Private vessels with weapons, firearms, or ammunition aboard: All firearms and/or weapons on board a private vessel must be declared to customs when entering the Turks and Caicos Islands. If you have firearms or weapons on board, it is recommended that prior to your arrival you have a completed list of all firearms and/or weapons on board and an exact count of ammunition to be attached to your Report Inward.
If remaining in the Turks and Caicos Islands for 24 hours or less you will be permitted to have your firearms and/or weapons on your boat, although you cannot remove them from the boat. Firearms, weapons, or ammunition of any kind must remain in a locked compartment on the vessel at all times.
When remaining in the Turks and Caicos for more than 24 hours with firearms and/or weapons on board, customs will remove them from the vessel and turn them over to the Royal Turks and Caicos Police Force to be held until departure. You must notify Customs at least 24 hours prior to your departure so that firearms and/or weapons can be returned to you in a timely manner.
In cases of an emergency which requires your departure by air, you must promptly notify the Customs Department and the Royal Turks and Caicos Police Force. Your firearm(s) and/or weapons will remain with the Royal Turks and Caicos Police Force until your return to the Islands and departure by your vessel.
If you fail to declare firearms and/or weapons accordingly you will be in illegal possession of such, a crime that is severely punishable under laws of the Turks and Caicos Islands.
Entering and exiting the TCIS with cash or negotiable instruments: If you or anyone traveling with you as a group takes out or brings into the Turks and Caicos Islands more than $10,000 (U.S. or foreign equivalent, or a combination of the two) in coin, currency or negotiable instruments such as a draft bill of exchange, debenture bonds of a company, script certificates to the bearer for shares or share warrants to the bearer, you are required by law to declare it to customs.
Entering and exiting the U.S. with cash or negotiable instruments: While it is legal to transport any amount of currency or other monetary instruments into or out of the United States, a traveler entering or exiting the U.S. with an amount exceeding USD $10,000 - or its foreign equivalent – must file with U.S. Customs and Border Protection (CBP) prior to departure FinCen Form 105, Report of International Transportation of Currency or Monetary Instruments.

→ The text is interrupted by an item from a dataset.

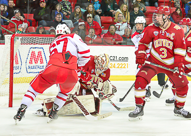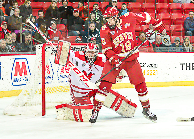No. 5 Denver scored the first three goals in a 4-1 win over the RedHawks at Cady Arena on Saturday, as the teams split their weekend series.

According to the Currency and Foreign Transaction Reporting Act, if a traveler asks someone to carry currency or monetary instruments on his/her behalf and the full amount exceeds $10,000, then the traveler is required to report the total amount to CBP. This means that you may not give unreported money to any other individual to transport for you if the total amount exceeds $10,000 unless you declare you are the owner of the currency when going through customs.
Failure to declare the total amount of cash carried in or out of the Turks and Caicos Islands may lead to seizure of all cash or negotiable instruments and may subject you to legal proceedings and/or criminal prosecution.
Safety and Security
The threat of terrorism is low, but you should be aware of the global risk of indiscriminate terrorist attacks which could be in public areas, including places frequented by travelers.
To stay connected:
- Enroll in the Smart Traveler Enrollment Program so we can keep you up to date with important safety and security announcements.
- Follow the Bureau of Consular Affairs on Twitter and Facebook.
- Bookmark the Bureau of Consular Affairs website, which contains the current Travel Warnings and Travel Alerts as well as the Worldwide Caution.
- In the event of an emergency, contact us at 1-888-407-4747 toll-free within the U.S. and Canada, or via a regular toll line, 1-202-501-4444, from other countries.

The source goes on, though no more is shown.